Shine on Me

Sunday morning.

I got up again before seven this morning–despite staying up an hour or so later last night than I usually do; I was waiting, hoping Paul would be coming home, but he didn’t get home again until after I went to bed. I didn’t get nearly as much done yesterday as I would have liked because I got distracted by reading Kellye Garrett’s marvelous Like a Sister, and by the time I finished the book it was late afternoon and the tiredness I was feeling yesterday morning–I mentioned it, remember? I wasn’t as awake and alert as I had been the day before–I decided to just kick back and relax for the rest of the day. I watched a lot of history documentaries on Youtube; watched a lot of news worried about Ukraine; and then last night I decided to watch The Drowning Pool, a 1970’s film version of Ross Macdonald’s book–with significant changes made to the book–moving it to Louisiana for one (more on this later). When the movie was finished I went to bed, and woke up early again this morning (body clock has reset, for good or ill). I have to make groceries this morning, as well as gas up the car (can’t wait to see how much gas costs today; but I am more than willing to pay more to save Ukrainian lives, frankly) and head home for some more editing work. I am going to work on my manuscript today; and I have a manuscript from Bold Strokes I need to get edited this week as well. Lots of heavy lifting to get done this week, but I think I can manage.

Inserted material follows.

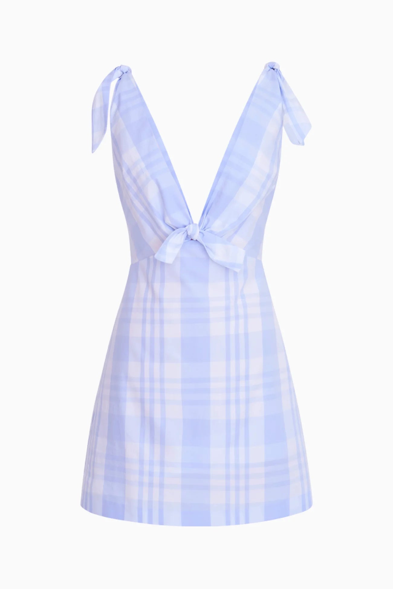 Forever charming in the Brynnie Dress. This pretty mini debuts with a crisp, cotton yarn-dyed fabric inspired by the construction of a scarf. The A-line mini features a scarf as a bodice that ties at the shoulders and the front. The piece is completed with a zipper.

I also need to select my next book to read. I’ve narrowed it down some; the leading contenders include Harlem Shuffle by Colson Whitehead, The Twelve Jays of Christmas by Donna Andrews, The Prophets by Robert Jones Jr., and All Her Little Secrets by Wanda M. Morris. A plethora of treasures in my TBR pile, no? There’s also some short story collections and anthologies I want to start working my way through–not to mention a short story I need to write by the end of the month (see why I need lists?)–so I think once I get home from the grocery store I will most likely have to make this week’s to-do list. I also have some emails to write for sending tomorrow. But I don’t feel as paralyzed this morning as I usually am by a daunting pile of work that needs doing. We’ll see how I feel when I get home from the grocery store, though, I suppose. Usually dealing with the groceries wears me out and I am pretty much useless afterwards; I don’t know if that is actual physical or mental exhaustion or laziness settling in. I know that my energy levels have significantly decreased over the past pandemic years, and sometimes I do wonder if it’s maybe Long COVID; exhaustion and loss of energy seems to be one of its leading symptoms, and of course, both tend to trigger depression, which creates a massive downward spiral. But I keep testing negative for it, so what do I know?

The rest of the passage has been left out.